README.md · cornstack/CodeRankLLM at 6f4cc2c6d838c6113ba3bed0c88ff0aa818b68f8

metadata

license: mit
base_model:
  - Qwen/Qwen2.5-Coder-7B-Instruct

CodeRankLLM is a 7B LLM fine-tuned for listwise code-reranking. When combined with performant code retrievers like CodeRankEmbed, it significantly enhances the quality of retrieved results for various code retrieval tasks.

We release the scripts to evaluate our model's performance here.

Training

Our code reranker is based on LLM-based listwise reranking, which has gained prominence for the ability to score multiple passages simultaneously. Training data for listwise reranking was generated by selecting 50,000 <query, positive, negatives> tuples from our high-quality dataset CoRNStack, filtered to ensure higher similarity scores and better ranks for the positives.
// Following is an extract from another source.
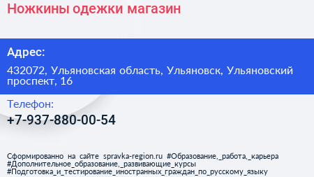 Ножкины одежки, магазин по адресу 432072, Ульяновская область, Ульяновск, Ульяновский проспект, 16 в дальнейшем Организация, размещена в следующих категориях:

Since CoRNStack doesn't contain the ranked ordering data required for training listwise rerankers, we leverage Qwen-2.5-32B-Instruct LLM provided ranked orderings for each example to serve as ranking supervision. We initialize our reranker with Qwen2.5-Coder-7B-Instruct and fine-tune using a language modeling objective that minimizes the prediction error of the next token in the sequence.